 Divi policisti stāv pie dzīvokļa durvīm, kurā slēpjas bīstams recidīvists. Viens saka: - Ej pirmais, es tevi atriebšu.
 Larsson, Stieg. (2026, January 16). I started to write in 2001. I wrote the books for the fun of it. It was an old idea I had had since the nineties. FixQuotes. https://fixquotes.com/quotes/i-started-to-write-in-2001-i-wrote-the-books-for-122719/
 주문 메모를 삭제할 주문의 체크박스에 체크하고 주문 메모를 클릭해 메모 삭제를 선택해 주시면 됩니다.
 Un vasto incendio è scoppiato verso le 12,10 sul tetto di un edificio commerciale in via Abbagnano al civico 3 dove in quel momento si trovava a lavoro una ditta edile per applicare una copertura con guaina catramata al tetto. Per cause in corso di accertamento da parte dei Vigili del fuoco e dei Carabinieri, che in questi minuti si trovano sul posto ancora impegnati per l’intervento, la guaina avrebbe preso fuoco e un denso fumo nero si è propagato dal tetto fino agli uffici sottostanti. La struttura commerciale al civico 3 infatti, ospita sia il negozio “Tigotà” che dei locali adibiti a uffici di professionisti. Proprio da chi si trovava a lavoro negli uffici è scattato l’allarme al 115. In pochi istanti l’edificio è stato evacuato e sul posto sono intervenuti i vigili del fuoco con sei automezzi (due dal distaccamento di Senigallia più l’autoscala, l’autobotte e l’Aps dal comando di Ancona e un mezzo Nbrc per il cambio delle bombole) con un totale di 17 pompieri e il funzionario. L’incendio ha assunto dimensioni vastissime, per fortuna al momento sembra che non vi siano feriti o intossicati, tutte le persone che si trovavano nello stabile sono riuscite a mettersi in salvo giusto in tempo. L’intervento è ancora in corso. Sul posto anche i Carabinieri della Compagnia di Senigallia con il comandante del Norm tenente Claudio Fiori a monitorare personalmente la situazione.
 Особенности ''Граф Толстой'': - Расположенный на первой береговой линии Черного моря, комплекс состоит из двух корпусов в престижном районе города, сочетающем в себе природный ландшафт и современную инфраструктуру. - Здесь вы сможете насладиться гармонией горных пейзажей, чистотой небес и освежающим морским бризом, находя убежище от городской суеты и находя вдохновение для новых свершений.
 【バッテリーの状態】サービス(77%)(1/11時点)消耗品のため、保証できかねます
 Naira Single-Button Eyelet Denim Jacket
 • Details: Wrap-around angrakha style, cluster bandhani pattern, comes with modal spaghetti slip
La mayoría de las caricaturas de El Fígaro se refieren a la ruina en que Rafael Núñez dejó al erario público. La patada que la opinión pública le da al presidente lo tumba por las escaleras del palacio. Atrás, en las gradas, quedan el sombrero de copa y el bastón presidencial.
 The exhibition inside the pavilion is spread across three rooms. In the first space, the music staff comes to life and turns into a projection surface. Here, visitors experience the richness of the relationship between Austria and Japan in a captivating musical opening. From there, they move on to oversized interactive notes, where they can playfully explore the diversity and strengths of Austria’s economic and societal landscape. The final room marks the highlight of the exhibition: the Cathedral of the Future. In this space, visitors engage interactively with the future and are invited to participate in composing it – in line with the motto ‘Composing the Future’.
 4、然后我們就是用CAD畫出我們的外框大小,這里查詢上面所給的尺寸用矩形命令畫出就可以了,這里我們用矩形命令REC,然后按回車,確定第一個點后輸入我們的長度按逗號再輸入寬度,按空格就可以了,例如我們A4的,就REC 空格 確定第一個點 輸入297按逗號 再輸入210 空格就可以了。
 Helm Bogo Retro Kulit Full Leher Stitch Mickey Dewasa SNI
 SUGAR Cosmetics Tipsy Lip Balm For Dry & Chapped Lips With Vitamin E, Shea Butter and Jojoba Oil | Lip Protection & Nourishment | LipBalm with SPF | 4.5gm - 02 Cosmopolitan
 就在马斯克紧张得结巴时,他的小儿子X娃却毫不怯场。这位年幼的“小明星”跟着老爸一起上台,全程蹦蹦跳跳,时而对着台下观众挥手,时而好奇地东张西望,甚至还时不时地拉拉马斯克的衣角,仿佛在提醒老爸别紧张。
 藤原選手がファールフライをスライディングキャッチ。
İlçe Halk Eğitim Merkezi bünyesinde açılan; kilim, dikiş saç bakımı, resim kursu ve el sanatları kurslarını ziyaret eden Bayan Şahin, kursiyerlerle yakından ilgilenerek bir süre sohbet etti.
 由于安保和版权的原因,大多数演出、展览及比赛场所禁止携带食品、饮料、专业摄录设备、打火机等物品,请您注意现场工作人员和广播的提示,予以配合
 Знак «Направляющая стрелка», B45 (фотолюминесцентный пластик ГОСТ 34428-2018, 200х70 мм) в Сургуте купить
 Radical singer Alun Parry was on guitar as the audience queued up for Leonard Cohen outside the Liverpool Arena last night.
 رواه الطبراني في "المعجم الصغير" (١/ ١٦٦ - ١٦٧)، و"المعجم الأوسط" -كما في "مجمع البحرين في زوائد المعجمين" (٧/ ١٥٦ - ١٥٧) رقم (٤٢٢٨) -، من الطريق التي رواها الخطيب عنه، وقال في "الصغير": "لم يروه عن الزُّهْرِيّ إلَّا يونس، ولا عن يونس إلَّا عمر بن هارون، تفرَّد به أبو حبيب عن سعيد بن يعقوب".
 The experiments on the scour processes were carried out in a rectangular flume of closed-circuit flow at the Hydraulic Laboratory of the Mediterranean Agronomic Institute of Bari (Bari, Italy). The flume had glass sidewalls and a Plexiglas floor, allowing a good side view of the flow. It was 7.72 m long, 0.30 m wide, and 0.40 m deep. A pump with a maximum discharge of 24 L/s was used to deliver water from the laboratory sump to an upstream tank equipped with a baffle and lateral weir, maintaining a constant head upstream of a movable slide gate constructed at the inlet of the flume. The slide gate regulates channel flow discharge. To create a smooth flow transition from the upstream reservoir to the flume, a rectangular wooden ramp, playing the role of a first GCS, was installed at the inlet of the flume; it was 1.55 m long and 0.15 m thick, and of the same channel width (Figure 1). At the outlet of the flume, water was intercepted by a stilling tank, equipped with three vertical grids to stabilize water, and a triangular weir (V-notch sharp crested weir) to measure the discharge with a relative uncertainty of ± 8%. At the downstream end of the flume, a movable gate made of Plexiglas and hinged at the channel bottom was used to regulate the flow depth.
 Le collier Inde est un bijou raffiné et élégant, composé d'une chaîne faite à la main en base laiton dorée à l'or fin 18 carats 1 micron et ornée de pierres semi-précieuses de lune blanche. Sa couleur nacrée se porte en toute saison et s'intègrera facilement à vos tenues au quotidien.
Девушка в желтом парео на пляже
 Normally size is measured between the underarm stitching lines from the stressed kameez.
——————
If a line falls between the first line of the records and the line containing "주문 메모를 삭제할 주문의", inclusive, repeat it exactly; leave out all others.

 Divi policisti stāv pie dzīvokļa durvīm, kurā slēpjas bīstams recidīvists. Viens saka: - Ej pirmais, es tevi atriebšu.
 Larsson, Stieg. (2026, January 16). I started to write in 2001. I wrote the books for the fun of it. It was an old idea I had had since the nineties. FixQuotes. https://fixquotes.com/quotes/i-started-to-write-in-2001-i-wrote-the-books-for-122719/
 주문 메모를 삭제할 주문의 체크박스에 체크하고 주문 메모를 클릭해 메모 삭제를 선택해 주시면 됩니다.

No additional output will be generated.